_Records shown:_

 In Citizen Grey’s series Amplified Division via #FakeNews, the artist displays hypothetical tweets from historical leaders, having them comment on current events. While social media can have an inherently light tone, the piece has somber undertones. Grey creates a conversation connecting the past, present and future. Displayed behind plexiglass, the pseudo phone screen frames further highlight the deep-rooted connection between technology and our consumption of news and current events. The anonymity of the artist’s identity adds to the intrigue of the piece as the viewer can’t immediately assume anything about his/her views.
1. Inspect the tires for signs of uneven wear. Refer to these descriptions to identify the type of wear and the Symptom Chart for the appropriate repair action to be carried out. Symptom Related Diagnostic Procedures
* * *
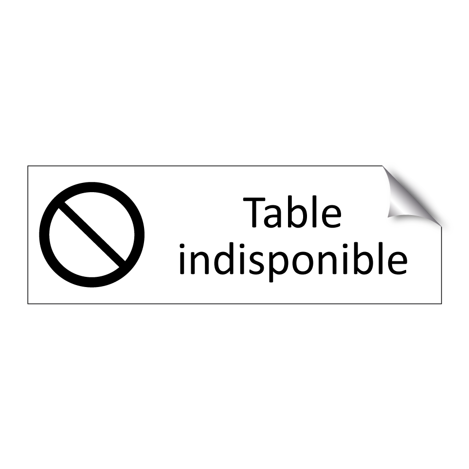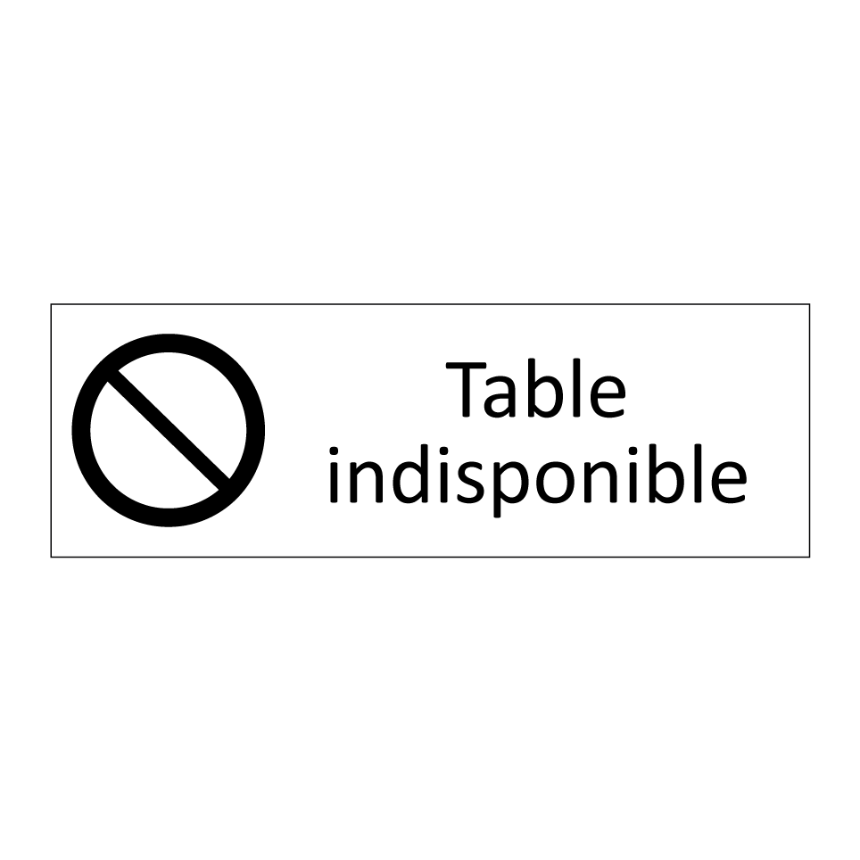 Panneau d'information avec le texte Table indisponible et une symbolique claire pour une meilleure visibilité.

_Task brief:_ Look above for the line holding "In Citizen Grey’s", then set down exactly that line and every line after it up to and including the line holding "1. Inspect the", with nothing else.

_Your response:_
 In Citizen Grey’s series Amplified Division via #FakeNews, the artist displays hypothetical tweets from historical leaders, having them comment on current events. While social media can have an inherently light tone, the piece has somber undertones. Grey creates a conversation connecting the past, present and future. Displayed behind plexiglass, the pseudo phone screen frames further highlight the deep-rooted connection between technology and our consumption of news and current events. The anonymity of the artist’s identity adds to the intrigue of the piece as the viewer can’t immediately assume anything about his/her views.
1. Inspect the tires for signs of uneven wear. Refer to these descriptions to identify the type of wear and the Symptom Chart for the appropriate repair action to be carried out. Symptom Related Diagnostic Procedures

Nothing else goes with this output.